━━━━━ SUPPLIED RECORDS ━━━━━

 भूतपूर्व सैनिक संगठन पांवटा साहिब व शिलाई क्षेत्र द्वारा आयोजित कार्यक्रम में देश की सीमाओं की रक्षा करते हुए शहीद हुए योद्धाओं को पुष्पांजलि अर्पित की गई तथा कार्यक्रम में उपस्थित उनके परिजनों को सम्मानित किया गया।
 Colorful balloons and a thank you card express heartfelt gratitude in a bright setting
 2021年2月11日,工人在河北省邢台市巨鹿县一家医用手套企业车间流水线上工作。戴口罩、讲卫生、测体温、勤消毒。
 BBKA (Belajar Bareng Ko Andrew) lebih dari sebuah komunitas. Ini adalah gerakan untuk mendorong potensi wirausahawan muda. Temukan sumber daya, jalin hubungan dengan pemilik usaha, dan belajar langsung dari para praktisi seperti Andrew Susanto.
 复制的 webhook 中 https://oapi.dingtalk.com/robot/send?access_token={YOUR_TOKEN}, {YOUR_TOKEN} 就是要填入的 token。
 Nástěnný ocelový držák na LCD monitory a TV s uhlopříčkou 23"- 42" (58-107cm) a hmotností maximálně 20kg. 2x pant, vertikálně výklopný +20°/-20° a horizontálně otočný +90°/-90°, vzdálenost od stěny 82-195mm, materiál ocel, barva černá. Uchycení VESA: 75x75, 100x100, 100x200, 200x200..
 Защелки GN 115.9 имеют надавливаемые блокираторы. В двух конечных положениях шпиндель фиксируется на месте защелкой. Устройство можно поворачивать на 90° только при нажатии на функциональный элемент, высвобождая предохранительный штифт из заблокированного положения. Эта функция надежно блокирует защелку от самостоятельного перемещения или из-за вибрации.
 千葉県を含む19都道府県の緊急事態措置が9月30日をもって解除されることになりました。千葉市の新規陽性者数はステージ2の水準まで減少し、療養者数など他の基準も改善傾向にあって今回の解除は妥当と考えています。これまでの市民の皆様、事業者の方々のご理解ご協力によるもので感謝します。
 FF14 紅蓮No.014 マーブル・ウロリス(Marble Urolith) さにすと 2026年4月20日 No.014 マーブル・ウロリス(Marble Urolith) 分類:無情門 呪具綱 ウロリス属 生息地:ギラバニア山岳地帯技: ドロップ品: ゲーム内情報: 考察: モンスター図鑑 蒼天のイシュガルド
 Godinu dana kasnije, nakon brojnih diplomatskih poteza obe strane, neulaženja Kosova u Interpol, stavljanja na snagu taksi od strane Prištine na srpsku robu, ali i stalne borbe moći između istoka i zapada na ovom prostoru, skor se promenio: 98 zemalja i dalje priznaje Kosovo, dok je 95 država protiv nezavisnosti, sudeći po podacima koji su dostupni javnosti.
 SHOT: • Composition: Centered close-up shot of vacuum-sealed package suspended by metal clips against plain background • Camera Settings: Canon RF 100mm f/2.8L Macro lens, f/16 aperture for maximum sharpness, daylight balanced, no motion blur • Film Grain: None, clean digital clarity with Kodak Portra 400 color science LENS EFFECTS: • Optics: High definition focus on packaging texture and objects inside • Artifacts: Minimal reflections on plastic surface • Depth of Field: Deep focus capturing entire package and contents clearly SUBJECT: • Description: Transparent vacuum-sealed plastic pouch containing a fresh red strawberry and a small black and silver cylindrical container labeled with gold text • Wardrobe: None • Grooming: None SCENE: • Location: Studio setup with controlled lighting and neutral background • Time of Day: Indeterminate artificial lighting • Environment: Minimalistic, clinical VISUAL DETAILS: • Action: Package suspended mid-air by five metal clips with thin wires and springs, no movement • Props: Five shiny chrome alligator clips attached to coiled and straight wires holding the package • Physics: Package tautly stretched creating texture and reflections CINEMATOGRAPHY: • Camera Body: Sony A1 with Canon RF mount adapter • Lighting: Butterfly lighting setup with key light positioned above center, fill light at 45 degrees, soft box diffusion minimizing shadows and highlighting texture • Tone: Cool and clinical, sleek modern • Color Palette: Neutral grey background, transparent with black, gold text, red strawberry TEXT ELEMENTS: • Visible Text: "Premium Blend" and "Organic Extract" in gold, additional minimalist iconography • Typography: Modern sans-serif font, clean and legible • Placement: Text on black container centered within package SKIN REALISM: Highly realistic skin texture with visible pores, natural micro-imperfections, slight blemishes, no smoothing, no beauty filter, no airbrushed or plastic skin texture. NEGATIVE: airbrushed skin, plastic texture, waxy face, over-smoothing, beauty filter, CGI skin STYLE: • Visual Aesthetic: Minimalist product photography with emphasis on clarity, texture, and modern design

━━━━━

# YOUR GOAL
What is needed is an exact copy of the lines above, from the one containing "Защелки GN 115.9" through the one containing "FF14 紅蓮No.014 マーブル・ウロリス(Marble", with nothing added.

# EXPECTED ANSWER
 Защелки GN 115.9 имеют надавливаемые блокираторы. В двух конечных положениях шпиндель фиксируется на месте защелкой. Устройство можно поворачивать на 90° только при нажатии на функциональный элемент, высвобождая предохранительный штифт из заблокированного положения. Эта функция надежно блокирует защелку от самостоятельного перемещения или из-за вибрации.
 千葉県を含む19都道府県の緊急事態措置が9月30日をもって解除されることになりました。千葉市の新規陽性者数はステージ2の水準まで減少し、療養者数など他の基準も改善傾向にあって今回の解除は妥当と考えています。これまでの市民の皆様、事業者の方々のご理解ご協力によるもので感謝します。
 FF14 紅蓮No.014 マーブル・ウロリス(Marble Urolith) さにすと 2026年4月20日 No.014 マーブル・ウロリス(Marble Urolith) 分類:無情門 呪具綱 ウロリス属 生息地:ギラバニア山岳地帯技: ドロップ品: ゲーム内情報: 考察: モンスター図鑑 蒼天のイシュガルド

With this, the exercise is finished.